# [Exercise description]
Copy out again, unchanged, the listing below from the line that has "Самый доступный и" through the line that has "ЦК ВКП(б) пропонує всім".

# [Data supplied]
□ □ □

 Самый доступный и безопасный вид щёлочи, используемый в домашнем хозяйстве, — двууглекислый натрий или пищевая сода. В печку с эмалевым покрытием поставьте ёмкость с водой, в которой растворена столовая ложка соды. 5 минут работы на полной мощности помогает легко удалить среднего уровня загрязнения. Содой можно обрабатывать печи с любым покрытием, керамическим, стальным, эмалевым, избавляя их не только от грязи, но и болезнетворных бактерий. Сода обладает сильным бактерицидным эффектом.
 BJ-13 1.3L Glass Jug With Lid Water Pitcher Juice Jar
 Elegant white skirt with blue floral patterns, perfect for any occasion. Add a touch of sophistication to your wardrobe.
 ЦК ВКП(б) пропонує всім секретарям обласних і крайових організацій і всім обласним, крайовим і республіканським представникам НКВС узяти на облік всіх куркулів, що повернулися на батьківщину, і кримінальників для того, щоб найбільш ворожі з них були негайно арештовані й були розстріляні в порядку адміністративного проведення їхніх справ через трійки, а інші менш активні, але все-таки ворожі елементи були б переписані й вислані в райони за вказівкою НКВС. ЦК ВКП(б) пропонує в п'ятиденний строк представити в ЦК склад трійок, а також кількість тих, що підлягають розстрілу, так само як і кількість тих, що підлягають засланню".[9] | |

□ □ □

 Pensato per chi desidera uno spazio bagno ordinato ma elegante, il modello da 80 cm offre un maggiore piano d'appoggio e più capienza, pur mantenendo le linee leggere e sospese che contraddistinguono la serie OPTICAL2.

□ □ □

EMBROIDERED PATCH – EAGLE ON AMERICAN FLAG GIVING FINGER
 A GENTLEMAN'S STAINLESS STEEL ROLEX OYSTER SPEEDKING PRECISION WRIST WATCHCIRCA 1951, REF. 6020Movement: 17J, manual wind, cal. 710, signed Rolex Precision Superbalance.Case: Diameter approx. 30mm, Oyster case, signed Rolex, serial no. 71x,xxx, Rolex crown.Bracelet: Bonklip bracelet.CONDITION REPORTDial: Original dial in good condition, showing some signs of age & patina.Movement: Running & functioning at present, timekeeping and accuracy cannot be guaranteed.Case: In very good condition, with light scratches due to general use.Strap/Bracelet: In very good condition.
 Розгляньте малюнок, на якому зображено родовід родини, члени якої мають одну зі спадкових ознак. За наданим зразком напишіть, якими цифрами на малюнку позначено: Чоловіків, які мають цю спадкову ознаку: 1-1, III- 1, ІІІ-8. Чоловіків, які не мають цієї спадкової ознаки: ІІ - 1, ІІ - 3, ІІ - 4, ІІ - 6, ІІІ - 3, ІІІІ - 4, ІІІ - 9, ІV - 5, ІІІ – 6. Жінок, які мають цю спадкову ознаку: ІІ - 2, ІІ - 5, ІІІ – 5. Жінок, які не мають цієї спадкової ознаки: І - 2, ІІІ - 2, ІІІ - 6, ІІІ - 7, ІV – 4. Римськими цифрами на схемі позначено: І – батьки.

□ □ □

# [Response below]
 Самый доступный и безопасный вид щёлочи, используемый в домашнем хозяйстве, — двууглекислый натрий или пищевая сода. В печку с эмалевым покрытием поставьте ёмкость с водой, в которой растворена столовая ложка соды. 5 минут работы на полной мощности помогает легко удалить среднего уровня загрязнения. Содой можно обрабатывать печи с любым покрытием, керамическим, стальным, эмалевым, избавляя их не только от грязи, но и болезнетворных бактерий. Сода обладает сильным бактерицидным эффектом.
 BJ-13 1.3L Glass Jug With Lid Water Pitcher Juice Jar
 Elegant white skirt with blue floral patterns, perfect for any occasion. Add a touch of sophistication to your wardrobe.
 ЦК ВКП(б) пропонує всім секретарям обласних і крайових організацій і всім обласним, крайовим і республіканським представникам НКВС узяти на облік всіх куркулів, що повернулися на батьківщину, і кримінальників для того, щоб найбільш ворожі з них були негайно арештовані й були розстріляні в порядку адміністративного проведення їхніх справ через трійки, а інші менш активні, але все-таки ворожі елементи були б переписані й вислані в райони за вказівкою НКВС. ЦК ВКП(б) пропонує в п'ятиденний строк представити в ЦК склад трійок, а також кількість тих, що підлягають розстрілу, так само як і кількість тих, що підлягають засланню".[9] | |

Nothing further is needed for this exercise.